TO DO. Print the records exactly and in full, please; the pictures stay out.

━━━━━ INPUT RECORDS

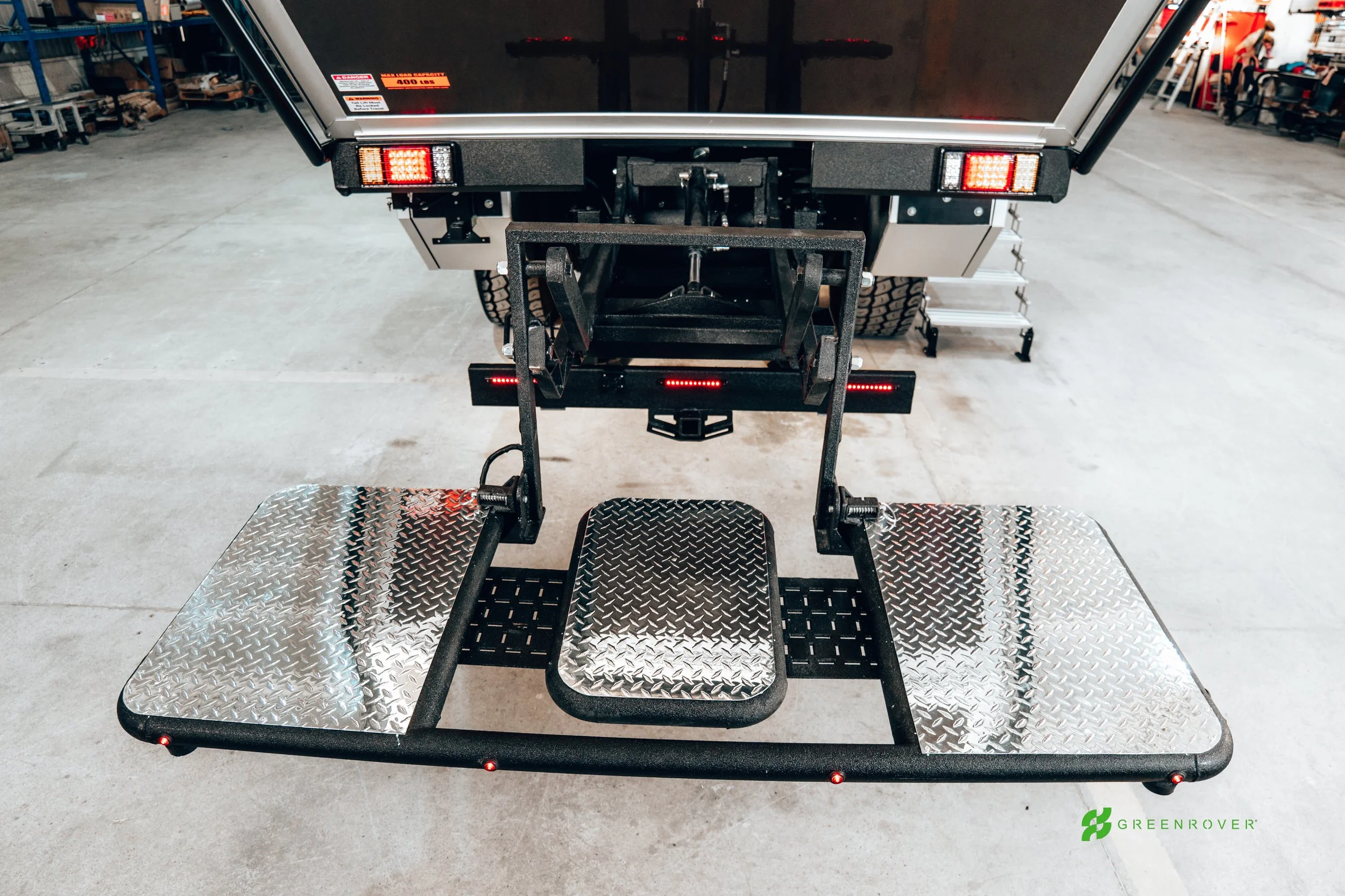 Hydraulic Rear Cargo Platform The integrated, power-assisted rear lift platform makes it effortless to carry large, heavy, or irregularly shaped items — from a full-size adventure motorcycle to e-bikes, kayaks, coolers, grills, propane tanks, firewood, or bulky camping gear.
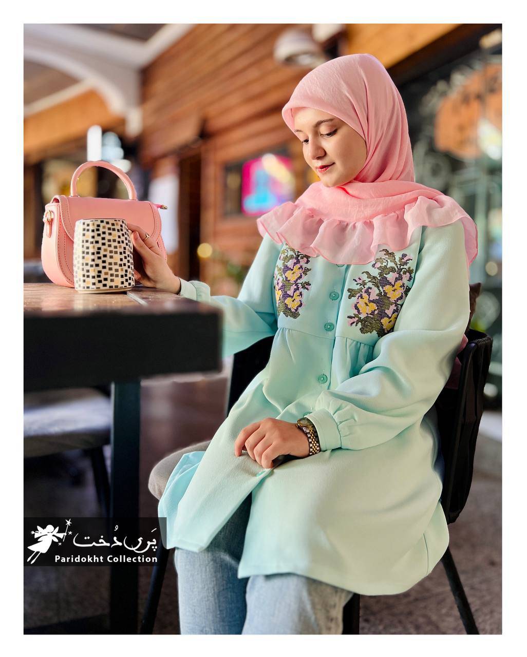 ( یه راهنمایی برای کسانی که اندازهها رو با یه نگاه میخوان بدونن. مانکن قدش ۱۵۸ هست و دور سینه ۸۷، سایز ۴ اریکا رو پوشیده. با توجه به جدول سایز که آخرین عکس این تصاویر هست، سایز مورد نظرتونو انتخاب کنید و تا دو سانت خطای اندازهگیری رو در نظر بگیرید)
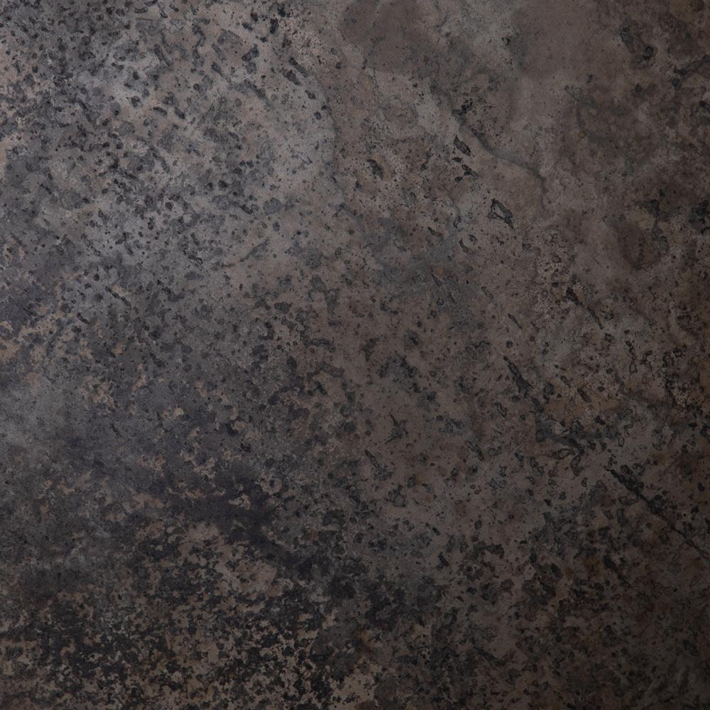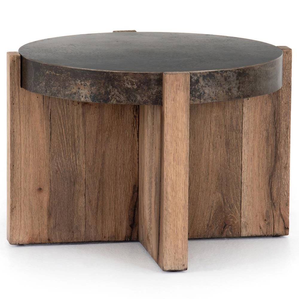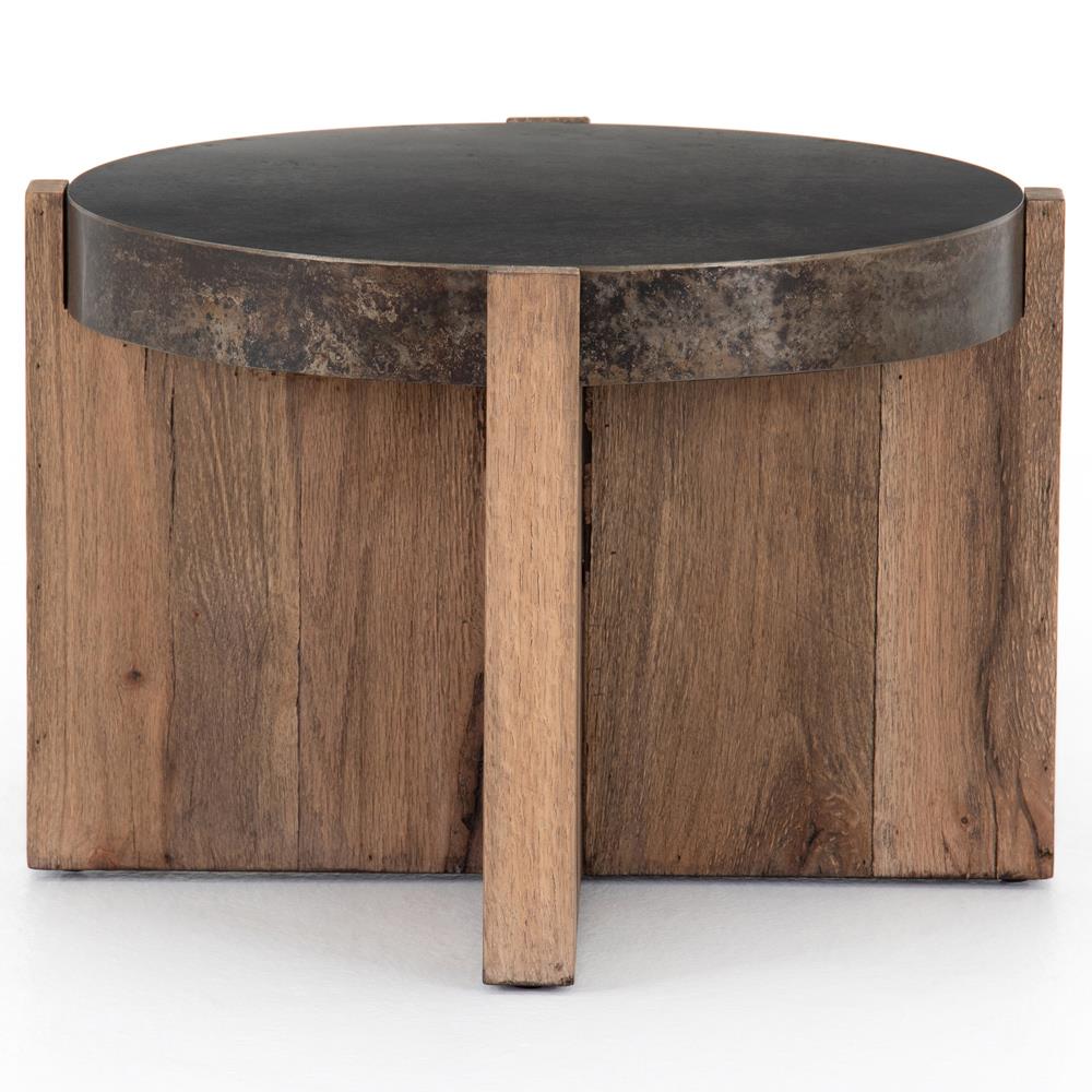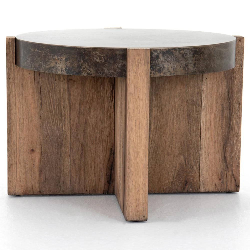 • Features round tabletop of distressed iron rests within a sculptural cradle base of rustic, character-rich oak with beautiful highs and lows
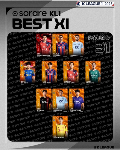 31라운드 베스트 11은 이동경(김천), 싸박(수원FC), 세징야(대구·이상 FW), 백인우(울산), 이재원(수원FC), 맹성웅(김천), 송민규(전북·이상 MF), 이한도(서울), 카이오(대구), 이창용(안양·이상 DF), 조현우(울산·GK)가 이름을 올렸다.
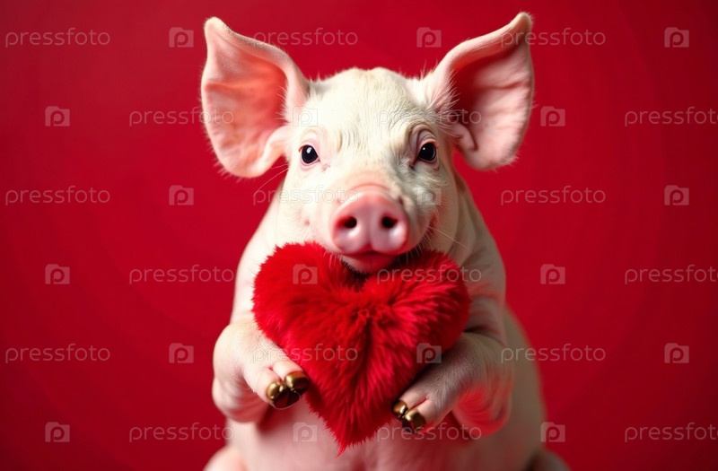Карта Дня Святого Валентина, свинья держит пушистое сердце на красном фоне
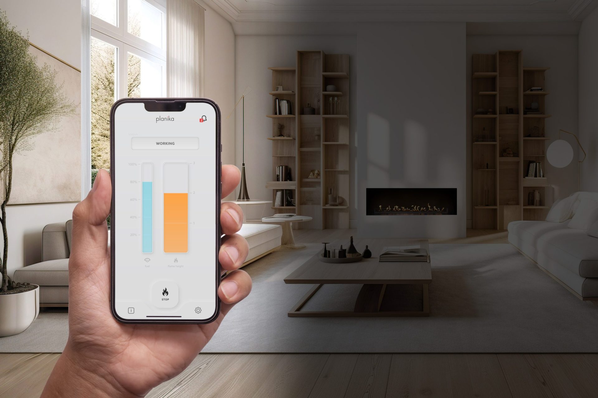 La commande à distance vous donne un contrôle total sur la cheminée sans avoir à vous en approcher – il suffit d’utiliser votre téléphone ou la télécommande pour l’allumer, l’éteindre ou ajuster la hauteur de la flamme. Le panneau externe avec écran LCD et entrée de carburant peut être installé à proximité de la cheminée, permettant un remplissage pratique du réservoir et une utilisation intuitive.
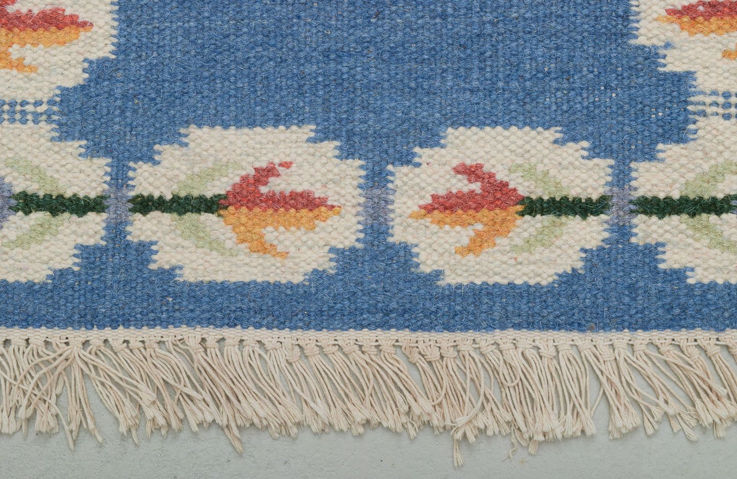 Swedish handwoven carpet in pure wool. Rölakan technique. Designed with flowers on a blue background. Mid-20th century. Perfect condition. Dimensions: 145 cm x 72 cm.
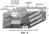 На Фиг.1 показана схема наземного устройства сейсморазведки. В этом устройстве сейсмическую энергию излучает сейсмический источник 1, расположенный на поверхности 2 Земли или под ней. При приведении источника в действие сейсмическая энергия проходит внутрь Земли и распространяется в направлении вниз через недра Земли до тех пор, пока не произойдет ее отражение от геологической структуры, действующей как частичный отражатель 3 сейсмической энергии. Отраженная сейсмическая энергия проходит в направлении вверх через недра Земли, а ее регистрацию осуществляют посредством группы сейсмоприемников 4, расположенных на поверхности Земли. Информацию о недрах Земли получают, например, путем определения времени прохождения сейсмической энергии от сейсмического источника 1 до приемников 4. На Фиг.1 показан всего лишь один отражатель 3, но в действительности в качестве частичных отражателей сейсмической энергии действуют несколько геологических структур, расположенных в недрах Земли.
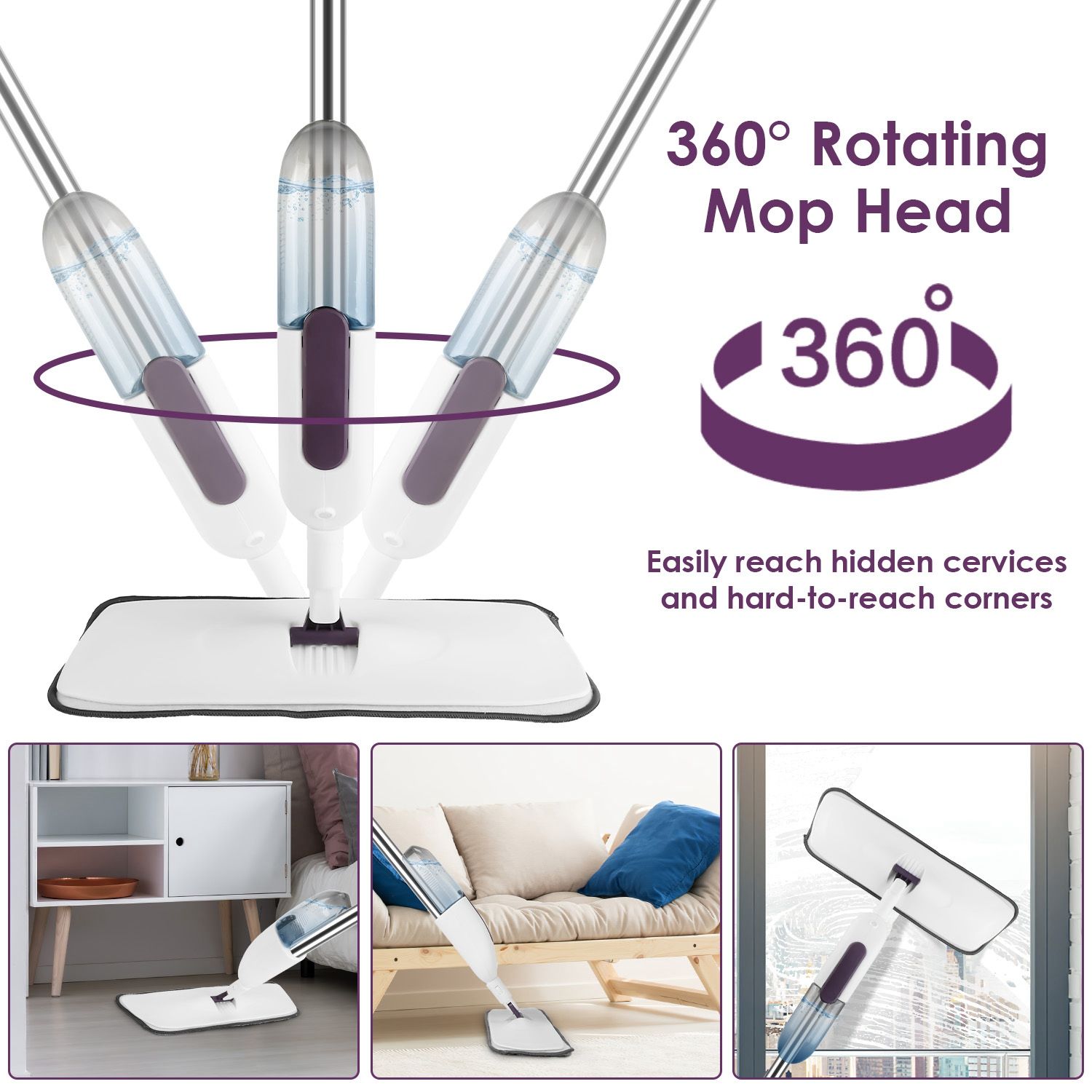 High-Absorbent Microfiber Pad: Microfiber mop pad has high water absorption, our spray mop is suitable for most types of the floors, including hardwood, laminate, vinyl, wood, tile, marble, cement and stone, leaving no watermarks or puddles after cleaning. Come with 3 replaceable mop pads, easily attach to the mop head, machine washable feature makes them reusable and easy to maintain.
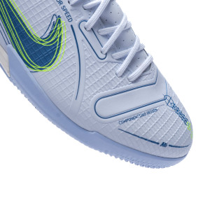 Nike Mercurial Vapor 14 Academy IC zaalvoetbalschoenen voor volwassenen. Synthetisch bovenwerk voor gebruik op indoorvloeren. Goedkope schoen in grijs-donker marineblauw-lichtblauw voor snelle spelers.
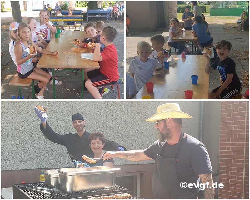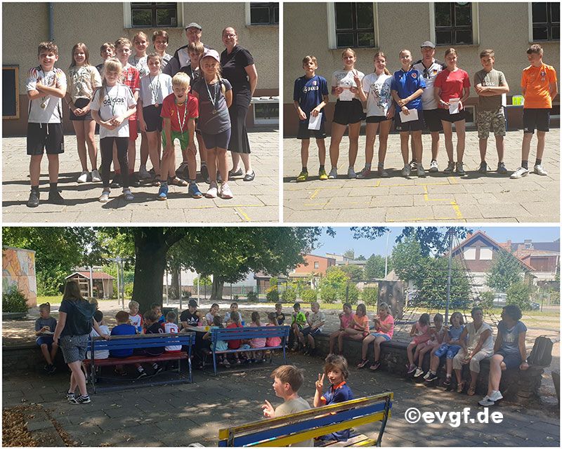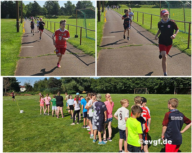 sportfest 7Am 15.07.24 feierten wir unser jährliches Sportfest bei schönstem Wetter. Durch den Vierkampf konnten sich die Kinder im Weitsprung, 800-Meter-Lauf, Weitwurf und Sprint ausprobieren. Die vorbereiteten Spaßaktionen wie Gummistiefelweitwurf oder Sackhüpfen blieben verweist, da die Pausen zwischen den Stationen dazu genutzt wurden, sich im Schatten zu erfrischen.
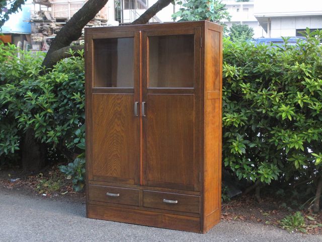 ヴィンテージ 木味良いガラス本箱 キャビネット 楢材
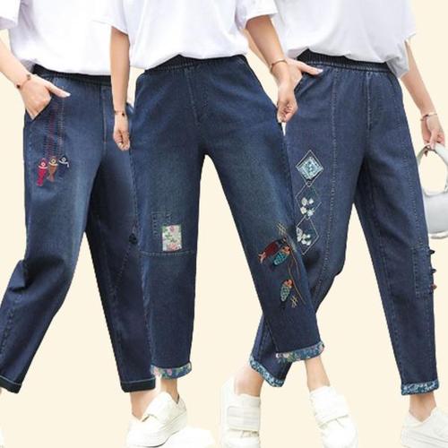 빅사이즈 여성 와이드핏 배기 자수 데님팬츠 루즈핏 9부 청바지 캐주얼 편안한 밴딩팬츠

━━━━━━━━━━

ANSWER BOX.
 Hydraulic Rear Cargo Platform The integrated, power-assisted rear lift platform makes it effortless to carry large, heavy, or irregularly shaped items — from a full-size adventure motorcycle to e-bikes, kayaks, coolers, grills, propane tanks, firewood, or bulky camping gear.
 ( یه راهنمایی برای کسانی که اندازهها رو با یه نگاه میخوان بدونن. مانکن قدش ۱۵۸ هست و دور سینه ۸۷، سایز ۴ اریکا رو پوشیده. با توجه به جدول سایز که آخرین عکس این تصاویر هست، سایز مورد نظرتونو انتخاب کنید و تا دو سانت خطای اندازهگیری رو در نظر بگیرید)
 • Features round tabletop of distressed iron rests within a sculptural cradle base of rustic, character-rich oak with beautiful highs and lows
 31라운드 베스트 11은 이동경(김천), 싸박(수원FC), 세징야(대구·이상 FW), 백인우(울산), 이재원(수원FC), 맹성웅(김천), 송민규(전북·이상 MF), 이한도(서울), 카이오(대구), 이창용(안양·이상 DF), 조현우(울산·GK)가 이름을 올렸다.
Карта Дня Святого Валентина, свинья держит пушистое сердце на красном фоне
 La commande à distance vous donne un contrôle total sur la cheminée sans avoir à vous en approcher – il suffit d’utiliser votre téléphone ou la télécommande pour l’allumer, l’éteindre ou ajuster la hauteur de la flamme. Le panneau externe avec écran LCD et entrée de carburant peut être installé à proximité de la cheminée, permettant un remplissage pratique du réservoir et une utilisation intuitive.
 Swedish handwoven carpet in pure wool. Rölakan technique. Designed with flowers on a blue background. Mid-20th century. Perfect condition. Dimensions: 145 cm x 72 cm.
 На Фиг.1 показана схема наземного устройства сейсморазведки. В этом устройстве сейсмическую энергию излучает сейсмический источник 1, расположенный на поверхности 2 Земли или под ней. При приведении источника в действие сейсмическая энергия проходит внутрь Земли и распространяется в направлении вниз через недра Земли до тех пор, пока не произойдет ее отражение от геологической структуры, действующей как частичный отражатель 3 сейсмической энергии. Отраженная сейсмическая энергия проходит в направлении вверх через недра Земли, а ее регистрацию осуществляют посредством группы сейсмоприемников 4, расположенных на поверхности Земли. Информацию о недрах Земли получают, например, путем определения времени прохождения сейсмической энергии от сейсмического источника 1 до приемников 4. На Фиг.1 показан всего лишь один отражатель 3, но в действительности в качестве частичных отражателей сейсмической энергии действуют несколько геологических структур, расположенных в недрах Земли.
 High-Absorbent Microfiber Pad: Microfiber mop pad has high water absorption, our spray mop is suitable for most types of the floors, including hardwood, laminate, vinyl, wood, tile, marble, cement and stone, leaving no watermarks or puddles after cleaning. Come with 3 replaceable mop pads, easily attach to the mop head, machine washable feature makes them reusable and easy to maintain.
 Nike Mercurial Vapor 14 Academy IC zaalvoetbalschoenen voor volwassenen. Synthetisch bovenwerk voor gebruik op indoorvloeren. Goedkope schoen in grijs-donker marineblauw-lichtblauw voor snelle spelers.
 sportfest 7Am 15.07.24 feierten wir unser jährliches Sportfest bei schönstem Wetter. Durch den Vierkampf konnten sich die Kinder im Weitsprung, 800-Meter-Lauf, Weitwurf und Sprint ausprobieren. Die vorbereiteten Spaßaktionen wie Gummistiefelweitwurf oder Sackhüpfen blieben verweist, da die Pausen zwischen den Stationen dazu genutzt wurden, sich im Schatten zu erfrischen.
 ヴィンテージ 木味良いガラス本箱 キャビネット 楢材
 빅사이즈 여성 와이드핏 배기 자수 데님팬츠 루즈핏 9부 청바지 캐주얼 편안한 밴딩팬츠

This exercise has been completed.